CI/CD Pipeline Sanity Check
I did my fair share of staring at a red X in my CI/CD pipeline while muttering: “Why does this CI/CD pipeline keep failing?”, not always sure if I made the undesired sight happen, but always knowing I wasn’t alone in this.
I feel pipeline failures are similar to unexploded WWII bombs in your DevOps workflow: they often frustrate the team, slow you down and stem from sneaky, overlooked issues.
Before rage-quitting, rm -rf an entire setup and never seeing a sweet terminal again, I got the habit to run a quick sanity check on the usual suspects.
1. The Obvious Culprit: Our Code
- Failing tests? Check the logs! Flaky tests, race conditions, or bad assertions love to sneak in.
 - Syntax errors? Linters and IDE checks help, but CI systems don’t forgive typos. Mirror the pipeline linter on your IDE, hold it close.
 - Dependency hell? 
npm install,pip, orgo modcan break overnight. Lock your versions. - New failure? Write a test for it. If something breaks in CI, it’ll break again. Capture the bug with a test now instead of future-you debugging it twice.
 
Quick sanity check (e.g.) :
# Reproduce locally, then lock it down with a test
pytest tests/test_fixed_bug.py -k "test_thing_that_failed_in_ci"
2. The Silent Killer: Pipeline Configs
Your .gitlab-ci.yml, Jenkinsfile, or GitHub Actions workflow might be:
- Misconfigured (indentation, wrong keys, missing steps).
 - Using outdated syntax (CI tools evolve fast).
 - Assuming wrong environments (“But it works on my machine!”).
 
Quick sanity check (e.g.) :
# Validate your configs (e.g., GitHub Actions)
gh workflow lint .github/workflows/deploy.yml
3. The Phantom Menace: Environment Variables
Secrets vs.
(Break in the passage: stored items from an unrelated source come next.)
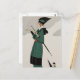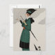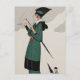 Vintage à moda europeia de uma revista francesa de mulheres. Uma mulher moda para passear enquanto percebe que está começando a chover.
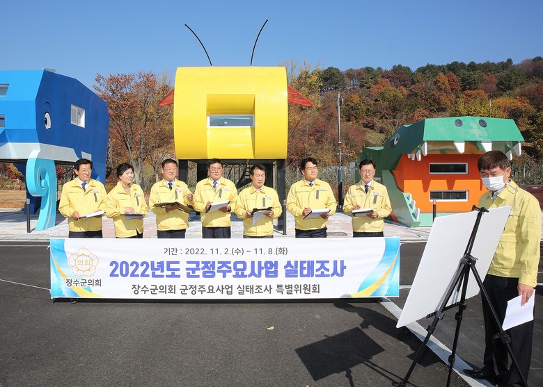군정주요사업조사 특별위원회(위원장 김남수)에서는 11월 2일, 3일 양일간 장수 누리파크 동물카라반 및 데크야영장 조성사업 등 관내 10개 사업장을 방문해 사업의 적정성 및 효과 등에 대하여 중점을 두고 실시했다.
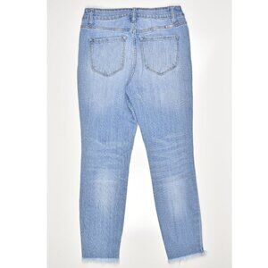 KanCAn for Maurices High Rise Light Wash Distressed Skinny Ankle Jeans. Size 27. Button and zip fly. Stretch material.
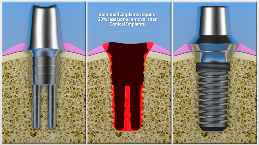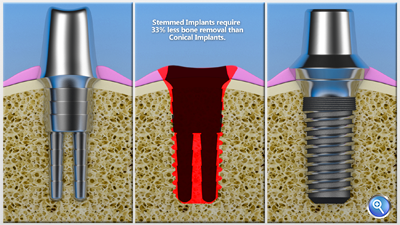 - In resisting luxation forces and immersion displacement removes 33% less tissue with the stemmed design.
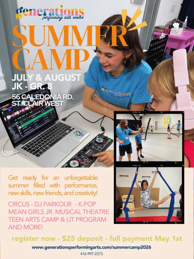 Generations Performing Arts Centre Summer Camp is an inclusive performing arts experience for students of all skill levels, identities and bodies, ages 4–13. Each day, campers explore their creativity, build confidence, and most importantly—have fun in a supportive, non-competitive environment rooted in community and creation. Through performing arts, media arts, parkour, aerial and martial arts, students are encouraged to shine both in their creative moments and performing moments, while forming meaningful connections with their fellow campers, LITs (leaders-in-training) and faculty.
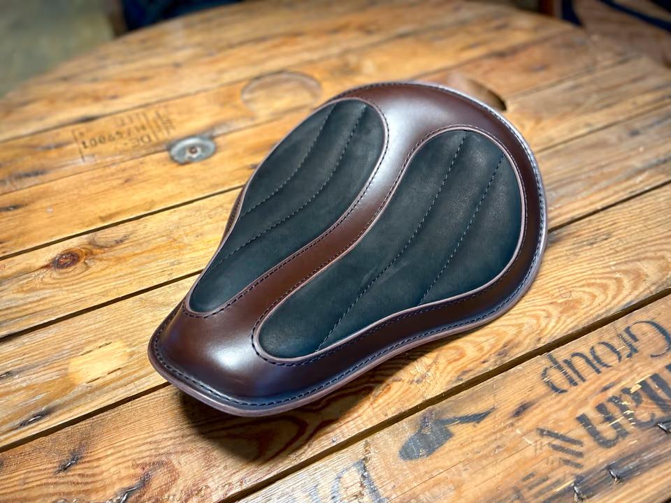 The contrast between smooth leather borders and textured seating panels gives the seat a luxury handcrafted look that fits perfectly with vintage and modern custom motorcycles.
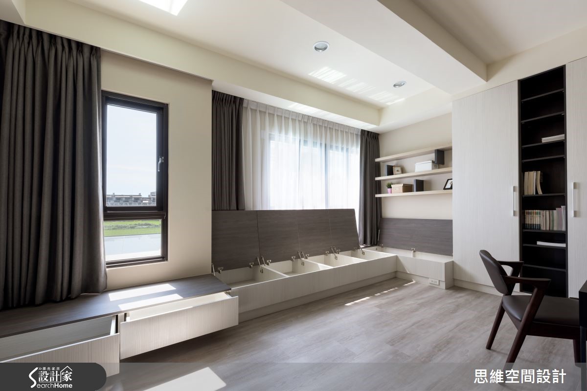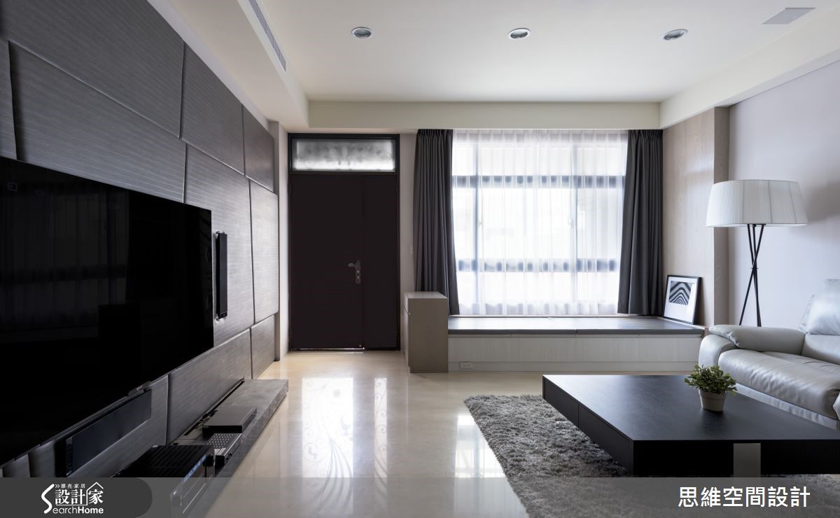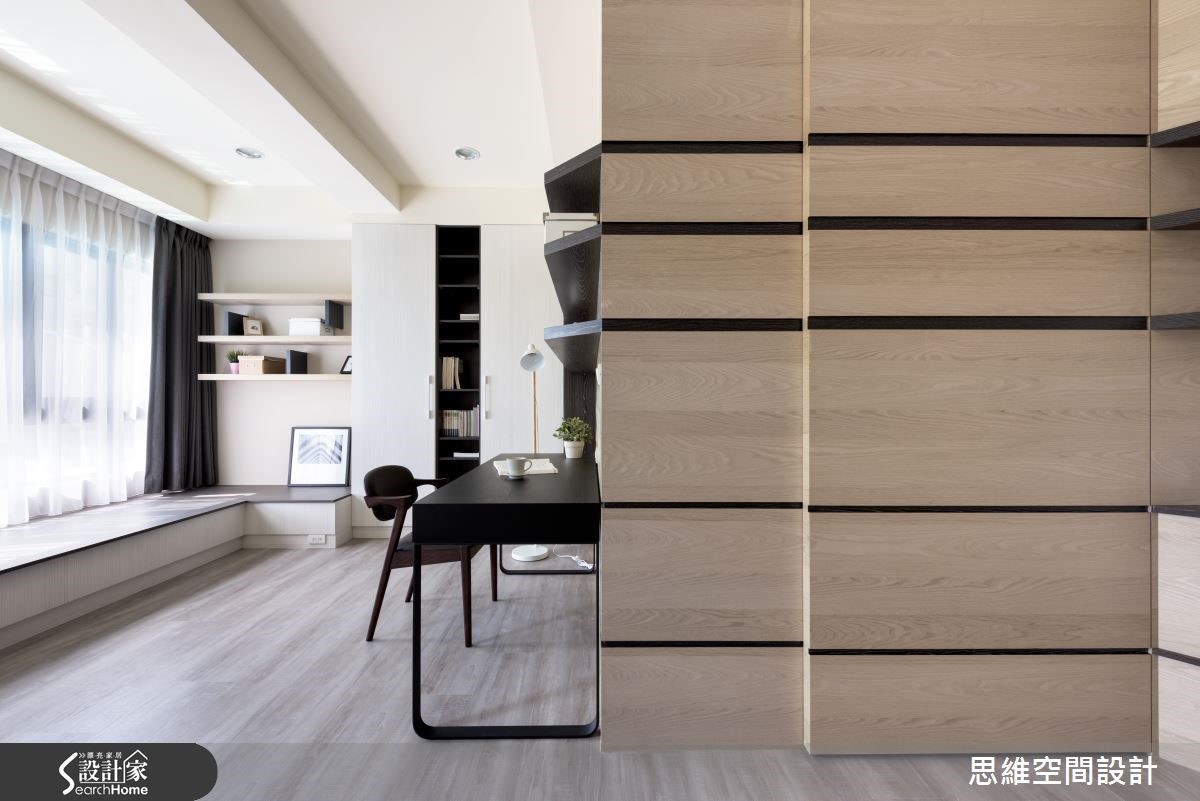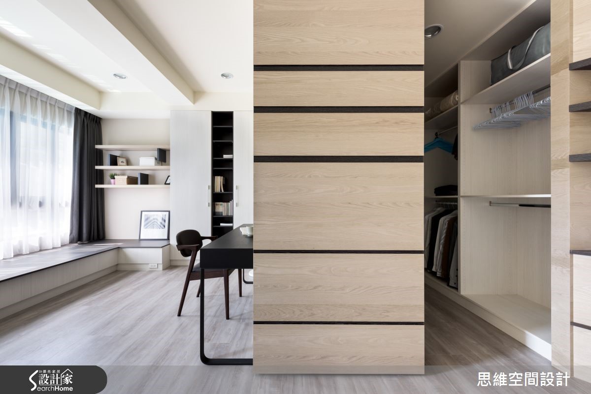 165平方米独栋楼,是一对喜欢旅游的新婚夫妻居所,设计师运用空间的采光优势,并且结合设计美感,在屋内设置大量隐藏式收纳。此外,也因应未来家中可能有小孩出生,细心为屋主预先规划家中新成员的生活空间。 【隐藏式收纳,结合设计美感】有著三层楼的独栋空间,一楼和二楼设定为客厅和主卧,其它空间则作为客房及小孩出生后的弹性使用。走进客厅,大面积窗户涌入充沛的自然光,地面则以轻浅的温润色泽承接屋主夫妻俩的幸福日常。铁灰色裱布在电视墙上刻划直爽线条,带来利落的时尚个性。设计师并利用完美采光的优势,在窗边延伸出一方飘窗。可阅读、可小睡,与朋友家人聚会时,也能提供客人充足的座位。 二楼是屋主的主要起居空间,采光较好的房间作为书房使用,迎接自然光源的飘窗下方藏着大量收纳。拉开书桌旁的活动式门板,后方更隐藏了一间偌大的更衣室,开放式收纳让所有衣物一目了然,更方便拿取。
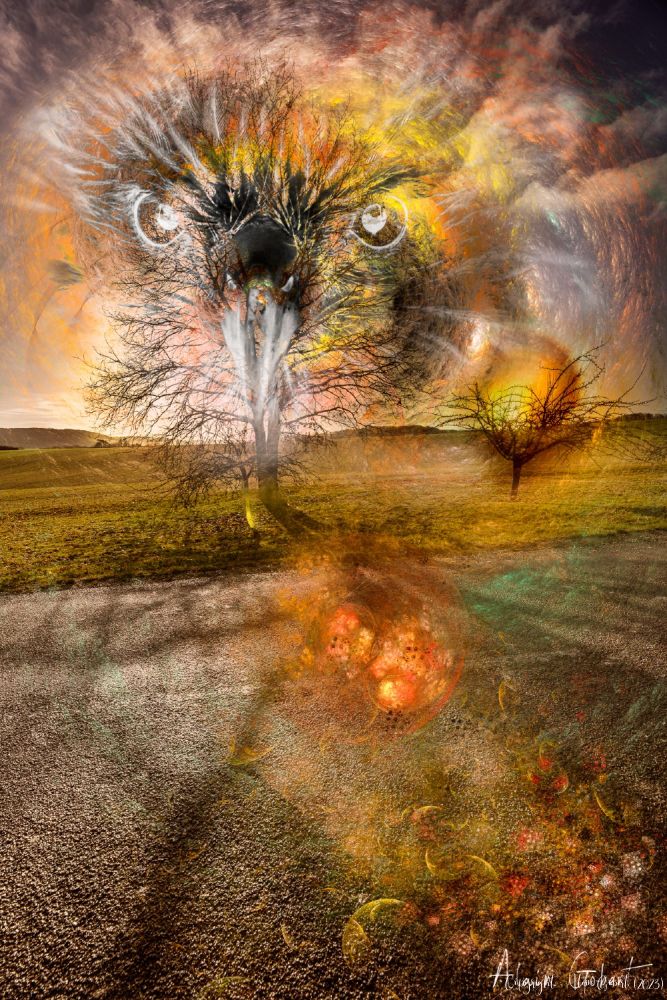 Quelques arbres, plus jeunes, étaient agenouillés au pied du vieux chêne terrassé par l'âge. Regardent ils le champignon, fossoyeur du bois mort avec mélancolie, ou bien prient ils pour indiquer au chêne une voie plus rapide vers le paradis des êtres de la forêt ?
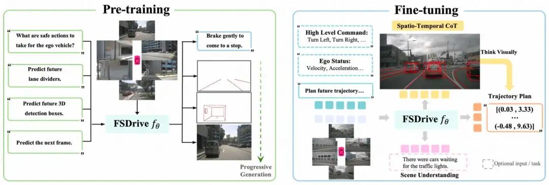 本文提出了FSDrive,一种基于时空CoT的自动驾驶框架,使视觉语言模型(VLMs)能够可视化地思考。通过中间图像形式的推理步骤,将未来场景生成与感知结果统一起来,FSDrive有效消除了跨模态转换带来的语义鸿沟,并建立了端到端的视觉推理流程。该视觉语言模型承担双重角色:作为世界模型,通过车道线分隔线和三维检测预测未来图像帧;同时作为逆动力学模型,基于当前观测和未来预测共同规划行驶轨迹。为实现VLM的视觉生成能力,我们提出了融合视觉生成与理解的预训练范式,并设计了渐进式由易到难地生成制以增强自回归图像生成效果。大量实验结果验证了FSDrive方法的有效性,推动自动驾驶技术迈向视觉推理。

Variables:
- Secrets (API keys, tokens) should never be hardcoded. Use your CI’s secret store.
 - Configs (e.g., 
ENV=staging) can be plain variables but should still be version-controlled. 
Common fails:
- Missing vars: Your local 
.envisn’t magically in CI. List required vars in yourREADME. - Typos: 
DATABASE_URL≠DB_URL(case sensitivity matters!). - Scope issues: Does the variable exist in this job/stage?
 
Quick sanity check (e.g.) :
# Debug env vars in CI (GitHub Actions example)
- name: Log env vars
  run: printenv | sort
4. The Empire Strikes Back: Permissions
- Missing secrets? AWS keys, SSH tokens, or database URLs must exist in CI variables.
 - Wrong permissions? Can your runner access the registry, repo, or deployment target?
 - Resource limits? OOM kills, slow runners, or Docker rate limits can fail builds.
 
Quick sanity check (e.g.) :
# Debug permissions in a CI step
- name: Check AWS access
  run: aws sts get-caller-identity
5. The Hidden Time Bomb: External Dependencies
- APIs down? Tests calling 
https://some-unreliable-api.comwill fail randomly. Mock these as much as possible without compromising your tests. - Package registry issues? npm, PyPI, or Maven outages do break builds. Breathe. Cache if possible.
 - Race conditions? Parallel jobs might conflict (e.g., DB migrations vs. tests). These deserve their own place in hell but also another chance. Quick sanity check (e.g.) :
 
# Retry flaky steps in GitHub Actions
- name: Test
  run: pytest
  retry-on-error: true
6. The Human Factor
- “It worked yesterday!” → Someone changed a config, test, or dependency. Check those.
 - Manual hotfixes? Untracked changes in production can desync with CI. I know there’s no time to run a pipeline, run it anyway.
 - Stale branches? Merging old code without rebasing = 💥. Run pipelines on every bit of code. Fail in a PR, always merge with a pass and live a happy life.
 
Quick sanity check (e.g.) :
# Enforce "test before merge"
git push origin HEAD --force-with-lease  # (Just kidding, don't.)
Main Quest: Make Your Pipeline Resilient
- Fail fast: Put cheap checks (lint, unit tests) early. Run pipelines as soon as you can, either on branches or PRs, avoid breaking 
main. - Log everything: Debugging without logs is like fixing a car blindfolded while holding a hyperactive hamster. If a riddle appears in the form of an error message, add some logs to help the next tortured soul (might be future-you).
 - Automate recovery: Auto-retry flaky steps, but always with limits.
 
Next time your pipeline fails, don’t panic – run this checklist. And if all else fails, blame Docker. (Kidding… mostly.)